*DATASET CONTENT*:
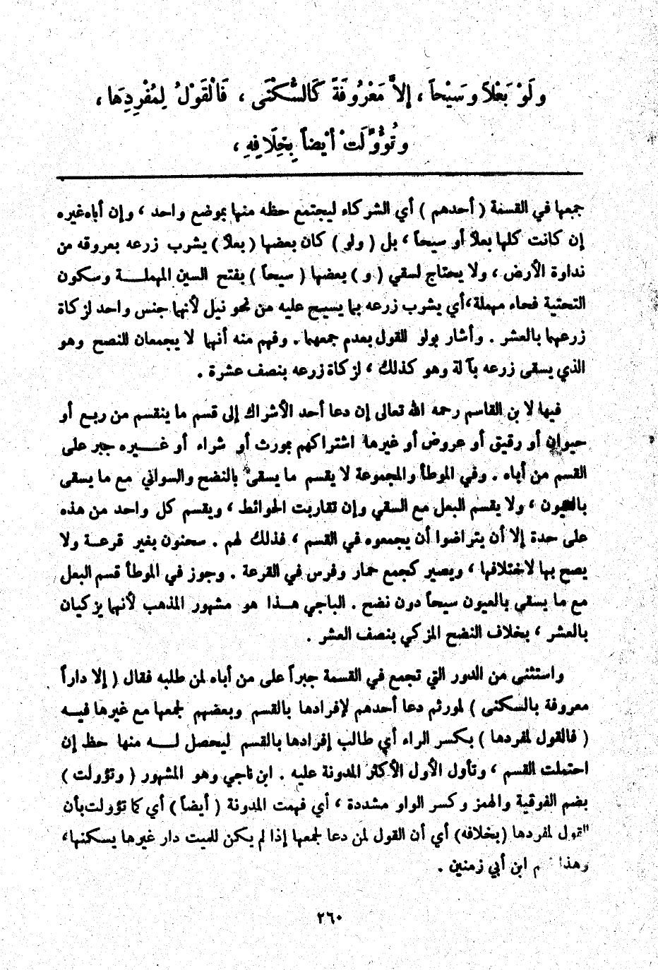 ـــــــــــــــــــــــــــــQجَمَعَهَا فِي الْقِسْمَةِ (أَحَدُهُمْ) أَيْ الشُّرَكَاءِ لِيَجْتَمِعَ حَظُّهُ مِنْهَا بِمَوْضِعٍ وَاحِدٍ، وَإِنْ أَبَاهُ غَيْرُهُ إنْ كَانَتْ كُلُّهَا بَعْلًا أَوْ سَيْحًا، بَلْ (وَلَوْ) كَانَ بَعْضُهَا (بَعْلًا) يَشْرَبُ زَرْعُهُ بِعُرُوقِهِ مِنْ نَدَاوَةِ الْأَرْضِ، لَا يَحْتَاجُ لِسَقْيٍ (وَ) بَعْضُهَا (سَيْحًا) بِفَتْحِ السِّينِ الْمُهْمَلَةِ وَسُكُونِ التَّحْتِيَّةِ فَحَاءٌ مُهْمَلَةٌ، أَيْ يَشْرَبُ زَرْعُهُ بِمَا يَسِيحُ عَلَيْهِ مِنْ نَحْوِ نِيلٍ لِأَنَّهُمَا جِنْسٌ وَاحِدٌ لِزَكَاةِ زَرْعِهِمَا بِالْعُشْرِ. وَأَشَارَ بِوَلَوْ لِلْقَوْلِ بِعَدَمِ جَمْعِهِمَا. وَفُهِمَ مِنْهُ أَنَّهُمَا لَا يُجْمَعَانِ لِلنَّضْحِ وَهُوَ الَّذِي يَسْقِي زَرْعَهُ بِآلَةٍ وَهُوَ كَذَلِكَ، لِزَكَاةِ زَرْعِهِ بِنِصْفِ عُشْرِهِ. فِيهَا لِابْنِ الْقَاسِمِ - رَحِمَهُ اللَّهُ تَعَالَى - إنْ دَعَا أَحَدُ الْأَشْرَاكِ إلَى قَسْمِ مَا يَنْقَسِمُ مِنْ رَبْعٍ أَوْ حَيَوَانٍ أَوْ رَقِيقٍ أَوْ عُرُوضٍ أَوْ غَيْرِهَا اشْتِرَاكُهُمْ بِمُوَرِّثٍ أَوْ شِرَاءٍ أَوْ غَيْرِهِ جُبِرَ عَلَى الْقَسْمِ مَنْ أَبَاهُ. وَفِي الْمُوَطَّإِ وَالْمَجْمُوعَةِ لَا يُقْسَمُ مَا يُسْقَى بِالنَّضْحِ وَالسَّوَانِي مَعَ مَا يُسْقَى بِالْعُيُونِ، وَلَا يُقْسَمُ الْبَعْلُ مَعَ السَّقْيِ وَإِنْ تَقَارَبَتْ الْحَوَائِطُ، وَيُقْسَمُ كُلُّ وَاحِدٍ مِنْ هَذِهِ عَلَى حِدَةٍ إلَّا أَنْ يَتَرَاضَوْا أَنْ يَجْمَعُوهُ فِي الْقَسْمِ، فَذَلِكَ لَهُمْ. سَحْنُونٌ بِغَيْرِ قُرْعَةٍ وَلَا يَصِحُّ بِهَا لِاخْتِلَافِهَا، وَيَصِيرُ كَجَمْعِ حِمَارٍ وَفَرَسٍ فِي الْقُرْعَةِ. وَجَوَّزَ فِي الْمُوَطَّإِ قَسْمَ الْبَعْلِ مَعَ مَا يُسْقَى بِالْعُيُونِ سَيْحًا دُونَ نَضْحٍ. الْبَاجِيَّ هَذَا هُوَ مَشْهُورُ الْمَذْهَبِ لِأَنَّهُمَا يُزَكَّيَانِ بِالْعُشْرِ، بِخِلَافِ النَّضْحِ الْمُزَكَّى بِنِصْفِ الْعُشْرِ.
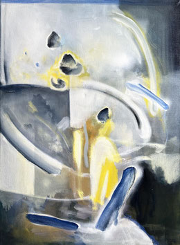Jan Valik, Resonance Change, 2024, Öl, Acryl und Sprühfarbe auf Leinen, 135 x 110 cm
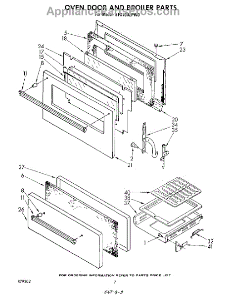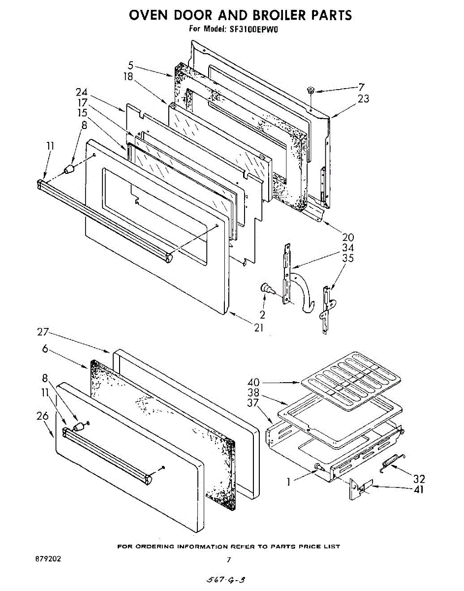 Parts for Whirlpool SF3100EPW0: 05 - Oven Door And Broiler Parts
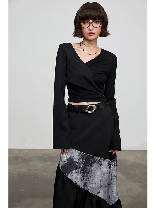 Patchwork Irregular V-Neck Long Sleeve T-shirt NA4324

*ABOUT THIS TASK*:
What you return must match the material above exactly, apart from its pictures.

*WRITTEN ANSWER*:
 ـــــــــــــــــــــــــــــQجَمَعَهَا فِي الْقِسْمَةِ (أَحَدُهُمْ) أَيْ الشُّرَكَاءِ لِيَجْتَمِعَ حَظُّهُ مِنْهَا بِمَوْضِعٍ وَاحِدٍ، وَإِنْ أَبَاهُ غَيْرُهُ إنْ كَانَتْ كُلُّهَا بَعْلًا أَوْ سَيْحًا، بَلْ (وَلَوْ) كَانَ بَعْضُهَا (بَعْلًا) يَشْرَبُ زَرْعُهُ بِعُرُوقِهِ مِنْ نَدَاوَةِ الْأَرْضِ، لَا يَحْتَاجُ لِسَقْيٍ (وَ) بَعْضُهَا (سَيْحًا) بِفَتْحِ السِّينِ الْمُهْمَلَةِ وَسُكُونِ التَّحْتِيَّةِ فَحَاءٌ مُهْمَلَةٌ، أَيْ يَشْرَبُ زَرْعُهُ بِمَا يَسِيحُ عَلَيْهِ مِنْ نَحْوِ نِيلٍ لِأَنَّهُمَا جِنْسٌ وَاحِدٌ لِزَكَاةِ زَرْعِهِمَا بِالْعُشْرِ. وَأَشَارَ بِوَلَوْ لِلْقَوْلِ بِعَدَمِ جَمْعِهِمَا. وَفُهِمَ مِنْهُ أَنَّهُمَا لَا يُجْمَعَانِ لِلنَّضْحِ وَهُوَ الَّذِي يَسْقِي زَرْعَهُ بِآلَةٍ وَهُوَ كَذَلِكَ، لِزَكَاةِ زَرْعِهِ بِنِصْفِ عُشْرِهِ. فِيهَا لِابْنِ الْقَاسِمِ - رَحِمَهُ اللَّهُ تَعَالَى - إنْ دَعَا أَحَدُ الْأَشْرَاكِ إلَى قَسْمِ مَا يَنْقَسِمُ مِنْ رَبْعٍ أَوْ حَيَوَانٍ أَوْ رَقِيقٍ أَوْ عُرُوضٍ أَوْ غَيْرِهَا اشْتِرَاكُهُمْ بِمُوَرِّثٍ أَوْ شِرَاءٍ أَوْ غَيْرِهِ جُبِرَ عَلَى الْقَسْمِ مَنْ أَبَاهُ. وَفِي الْمُوَطَّإِ وَالْمَجْمُوعَةِ لَا يُقْسَمُ مَا يُسْقَى بِالنَّضْحِ وَالسَّوَانِي مَعَ مَا يُسْقَى بِالْعُيُونِ، وَلَا يُقْسَمُ الْبَعْلُ مَعَ السَّقْيِ وَإِنْ تَقَارَبَتْ الْحَوَائِطُ، وَيُقْسَمُ كُلُّ وَاحِدٍ مِنْ هَذِهِ عَلَى حِدَةٍ إلَّا أَنْ يَتَرَاضَوْا أَنْ يَجْمَعُوهُ فِي الْقَسْمِ، فَذَلِكَ لَهُمْ. سَحْنُونٌ بِغَيْرِ قُرْعَةٍ وَلَا يَصِحُّ بِهَا لِاخْتِلَافِهَا، وَيَصِيرُ كَجَمْعِ حِمَارٍ وَفَرَسٍ فِي الْقُرْعَةِ. وَجَوَّزَ فِي الْمُوَطَّإِ قَسْمَ الْبَعْلِ مَعَ مَا يُسْقَى بِالْعُيُونِ سَيْحًا دُونَ نَضْحٍ. الْبَاجِيَّ هَذَا هُوَ مَشْهُورُ الْمَذْهَبِ لِأَنَّهُمَا يُزَكَّيَانِ بِالْعُشْرِ، بِخِلَافِ النَّضْحِ الْمُزَكَّى بِنِصْفِ الْعُشْرِ.
Jan Valik, Resonance Change, 2024, Öl, Acryl und Sprühfarbe auf Leinen, 135 x 110 cm
 Parts for Whirlpool SF3100EPW0: 05 - Oven Door And Broiler Parts
 Patchwork Irregular V-Neck Long Sleeve T-shirt NA4324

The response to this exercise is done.